The election campaign in the US in 2016 was truly a special one: besides the unexpected outcome, various parties used new technologies combined with social engineering methods to influence voters for the first time.
Although Barack Obama already used social networks such as Facebook very successfully in 2008 and 2012, the newly elected President Donald Trump set new standards when he used social networks to specifically influence voters with microtargeting. How much impact this approach actually had on the election outcome is, of course, debatable and impossible to quantify precisely. Nor is it possible to quantify what influence the WikiLeaks publications by Hillary Clinton’s campaign manager and the Democratic National Committee (D.N.C.) had on the outcome of the election. However, it is obvious that the insight into these political backgrounds helped to strengthen the feeling of being deceived by the political elite.
These publications have an explosive history: As early as September 2015, the FBI had indications that at least one of the D.N.C.’s computers had been compromised by a team of hackers, which the U.S. side believed to be connected to the Russian government. However, the D.N.C. help desk employee suspected a “prank call” behind the FBI’s call and paid little attention to the incident. As a result, the attackers were able to stay on the D.N.C.’s network for seven months before any concrete action was taken to protect them.

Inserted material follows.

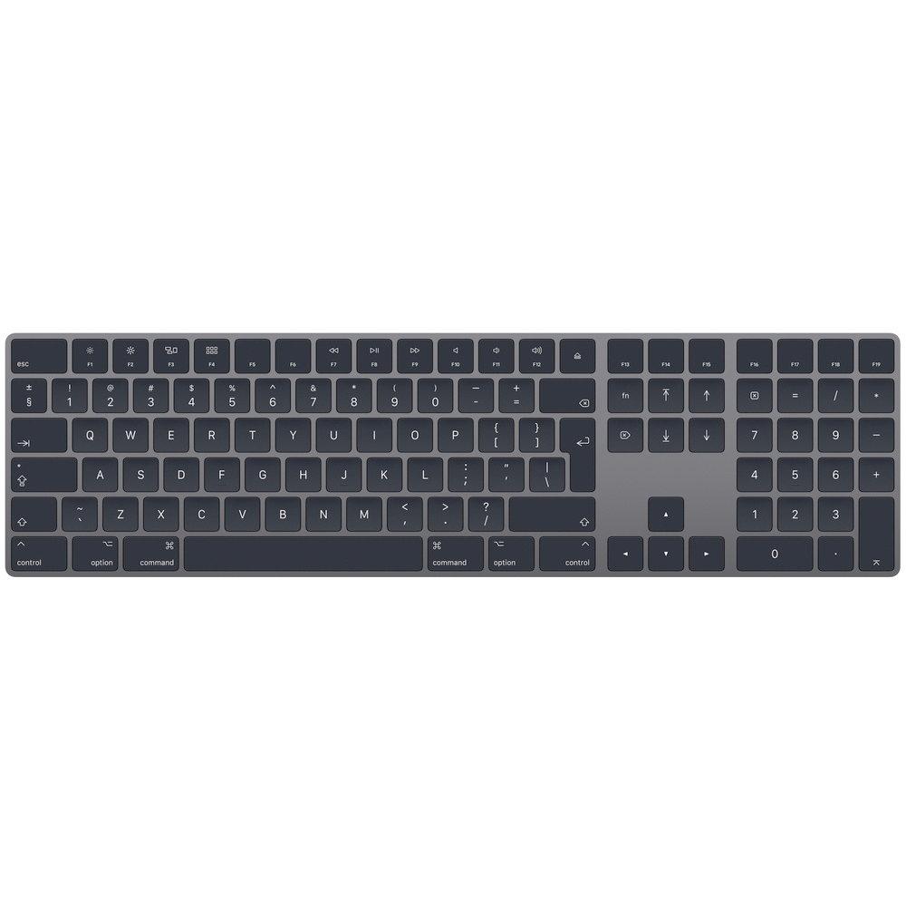 Sleek Space Gray Magic Keyboard with Numeric Keypad and Eject key—perfect for spreadsheets, accounting, and shortcuts. Pairs instantly via Bluetooth, recharges with the included cable, and delivers about a month or more of battery life per charge. Low-profile scissor keys keep typing quiet, precise, and comfortable for all-day work.Connectivity: Bluetooth; charging/pairing via Lightning port (cable included; connector type may vary by batch)
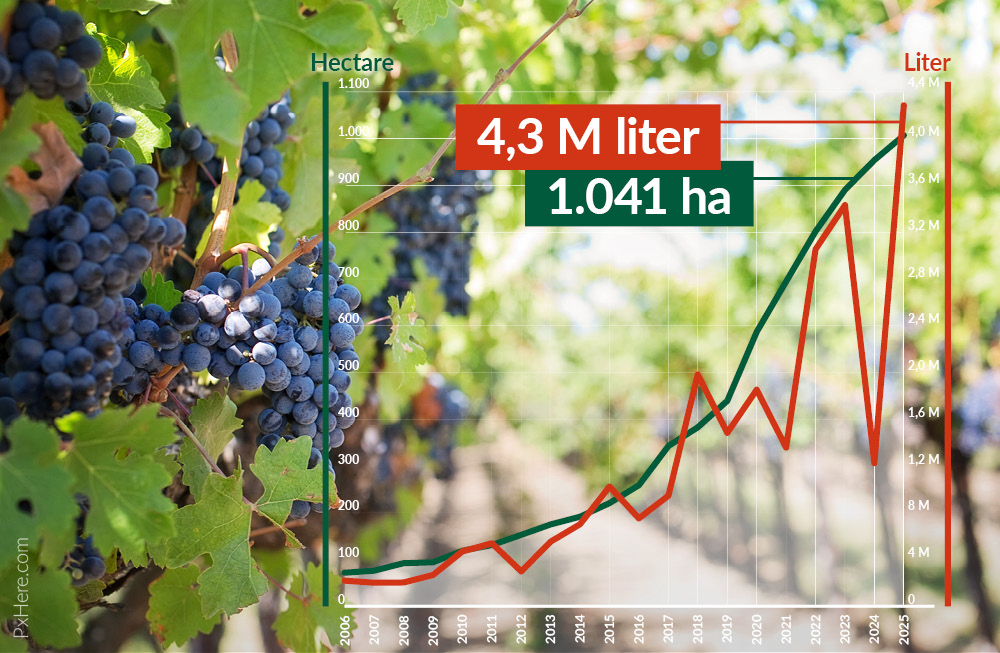 Na de extreem slechte weersomstandigheden in 2024, die de wijnproductie beperkten tot slechts 1,2 miljoen liter, kende de sector in 2025 een opvallend herstel. De oogst bereikte een recordvolume van 4,3 miljoen liter, tegenover 3,4 miljoen liter in 2023, een stijging met 25 %. Dat komt vooral door de zeer goede weersomstandigheden. Daarnaast komt dat jonge wijnstokken in hun eerste jaren nog maar een beperkte opbrengst leveren. Pas na vijf jaar zijn ze matuur genoeg voor een volledige opbrengst. De opbrengst zou dus jaar na jaar moeten stijgen.

Meanwhile, another team of hackers started attacking journalists and politicians from different parties. To do so, they sent a spear phishing email with a warning from Google: “Someone just used your password to try to sign into your Google account”. The message spoke of a login attempt from Ukraine: “Google stopped this sign-in attempt. You should change your password immediately.” A Clinton campaign staffer clicked directly, giving access to his emails. An assistant to the chief campaign manager, however, suspected the fraud and so first checked with an IT staffer. He answered “This is a legitimate email. John needs to change his password immediately.” – a momentous mistake. Admittedly, the link was difficult to expose at first glance as a phishing attempt:
https://www.google.com/amp/tiny.cc/g8nmhy
http://myaccount.google.com-securitysettingpage.ml/security/signinoptions/password?e=[…]
Hidden behind this link is a redirection via the URL-Shortener service tiny. cc (tiny. cc/g8nmhy). In the present case, the victims were lured to a fake site. By means of a cloned Google login page, which could only be distinguished from the real one by the URL (com-securitysettingpage.ml), the login data was obtained.
In addition, the attackers also gained access to accounts of the D. N. C. and to the main D. N. C. network through a VPN. They were able to divert further information and data without hindrance – but the actual extent of the data flow is not conclusively known. Only the politically useful e-mails of the D. N. C. and the Clinton campaign, as well as some other data from the Clinton Foundation have been published so far.
And the Moral of the Story: Whoever has so much to lose, should better protect themselves thoroughly
At this time of year, we hear the moral of stories around the world: If Clinton campaign staff had been better informed, trained and protected about the threat of phishing attacks, chances are the hackers would have been fended off. The infections and leaks would not have occurred, the public would not have had the deep insight into political practices, and Clinton might have done better in the election. That’s why it’s important for employees to be able to detect cyber attacks. But that’s not how it happened – the world was enlightened, Trump won. All we can do is learn our own lessons: such as carry out preventive anti-phishing measures such as social hacking security trainings and risk analyses.